Your goal | Reproduce the entries that follow precisely, setting aside any images.

Records to use |
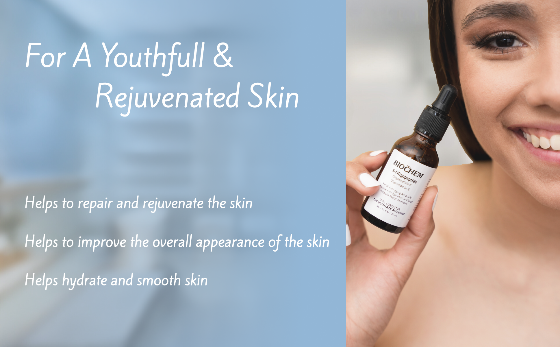 An age-supporting peptide serum that helps to repair the skin and increase hydration and collagen. Improve the look of signs of aging formed from repetitive facial expressions.
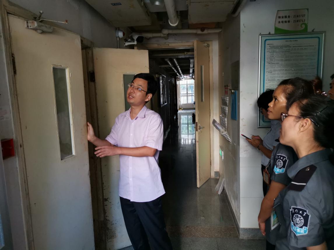 9月12日晚,集团副总经理刘君彬、中心副主任叶晓真陪同校领导、公寓办、保卫处等学校职能部门与省消防总队检查学生宿舍消防安全状况,并随即对检查问题进行了整改。
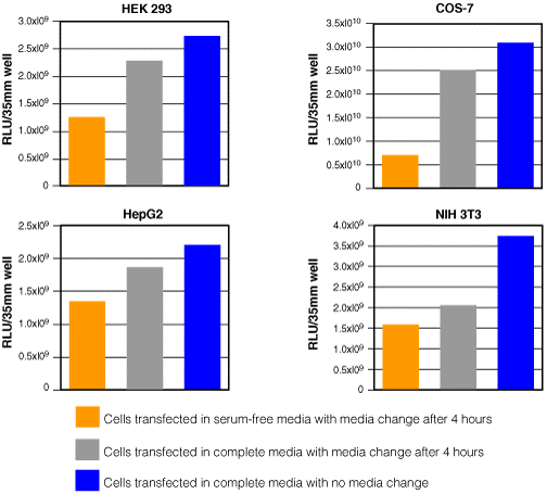 TransIT®-LT1 試劑在含有血清的培養(yǎng)基中表現(xiàn)最佳。使用 TransIT®-LT1 試劑,使用三種不同培養(yǎng)基條件用熒光素酶表達載體轉(zhuǎn)染指定的細胞系:在 (1) 無血清培養(yǎng)基存在下轉(zhuǎn)染細胞或 (2) 培養(yǎng)基更換 4 小時的完全培養(yǎng)基轉(zhuǎn)染后,或在 (3) 完全培養(yǎng)基存在下轉(zhuǎn)染,轉(zhuǎn)染后沒有培養(yǎng)基更換。轉(zhuǎn)染 48 小時后收集細胞,測定每孔熒光素酶的總活性。
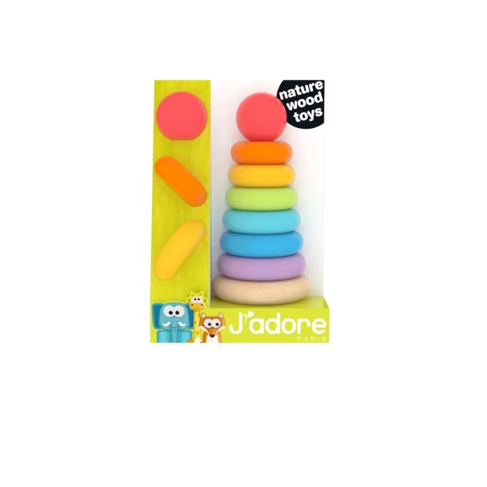 The J'Adore Rainbow Ring Wooden Toy is an engaging toy designed to promote developmental skills in young children.
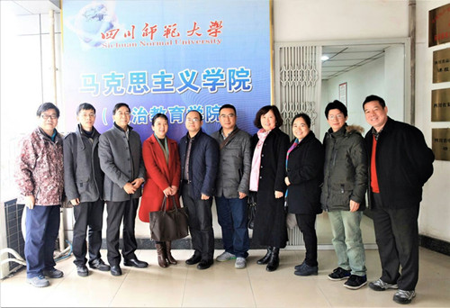 2016年11月8日至10日,我院思想道德修养与法律基础教研室主任胡祎赟副教授带领教研室赵春华、周红锵、李瑞平、陈慧麒、盛瑾等老师赴四川师范大学、西南交通大学进行为期两天的调研交流。与两校日本色情片 领导、教研室主任、骨干教师进行了座谈交流。此次调研交流涉及思想政治理论课课堂教学与实践教学改革经验、马克思主义学科建设经验、科学研究经验、服务社会经验等方面的内容。
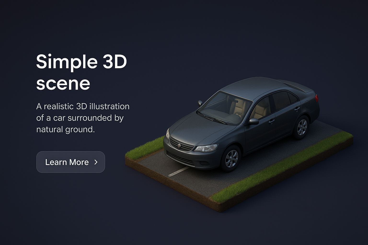 A detailed 3D illustration of a car situated on a simple road, surrounded by natural elements. The scene features a dark gradient background, enhancing the focus on the vehicle.
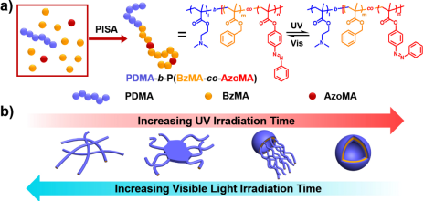 袁金穎教授課題組運用聚合誘導自組裝技術,制備了光響應的蠕蟲狀膠束,并研究了光調控的蠕蟲狀膠束-囊泡的動態形貌轉變過程。他們以聚甲基丙烯酸二甲氨基乙酯(PDMA)作為大分子鏈轉移劑,在乙醇中引發甲基丙烯酸芐酯(BzMA)和甲基丙烯酸偶氮苯酯(AzoMA)的無規RAFT分散共聚,將偶氮苯基團引入到疏溶劑鏈段中,制備得到光響應的蠕蟲狀膠束。

Exercise response |
 An age-supporting peptide serum that helps to repair the skin and increase hydration and collagen. Improve the look of signs of aging formed from repetitive facial expressions.
 9月12日晚,集团副总经理刘君彬、中心副主任叶晓真陪同校领导、公寓办、保卫处等学校职能部门与省消防总队检查学生宿舍消防安全状况,并随即对检查问题进行了整改。
 TransIT®-LT1 試劑在含有血清的培養(yǎng)基中表現(xiàn)最佳。使用 TransIT®-LT1 試劑,使用三種不同培養(yǎng)基條件用熒光素酶表達載體轉(zhuǎn)染指定的細胞系:在 (1) 無血清培養(yǎng)基存在下轉(zhuǎn)染細胞或 (2) 培養(yǎng)基更換 4 小時的完全培養(yǎng)基轉(zhuǎn)染后,或在 (3) 完全培養(yǎng)基存在下轉(zhuǎn)染,轉(zhuǎn)染后沒有培養(yǎng)基更換。轉(zhuǎn)染 48 小時后收集細胞,測定每孔熒光素酶的總活性。
 The J'Adore Rainbow Ring Wooden Toy is an engaging toy designed to promote developmental skills in young children.
 2016年11月8日至10日,我院思想道德修养与法律基础教研室主任胡祎赟副教授带领教研室赵春华、周红锵、李瑞平、陈慧麒、盛瑾等老师赴四川师范大学、西南交通大学进行为期两天的调研交流。与两校日本色情片 领导、教研室主任、骨干教师进行了座谈交流。此次调研交流涉及思想政治理论课课堂教学与实践教学改革经验、马克思主义学科建设经验、科学研究经验、服务社会经验等方面的内容。
 A detailed 3D illustration of a car situated on a simple road, surrounded by natural elements. The scene features a dark gradient background, enhancing the focus on the vehicle.
 袁金穎教授課題組運用聚合誘導自組裝技術,制備了光響應的蠕蟲狀膠束,并研究了光調控的蠕蟲狀膠束-囊泡的動態形貌轉變過程。他們以聚甲基丙烯酸二甲氨基乙酯(PDMA)作為大分子鏈轉移劑,在乙醇中引發甲基丙烯酸芐酯(BzMA)和甲基丙烯酸偶氮苯酯(AzoMA)的無規RAFT分散共聚,將偶氮苯基團引入到疏溶劑鏈段中,制備得到光響應的蠕蟲狀膠束。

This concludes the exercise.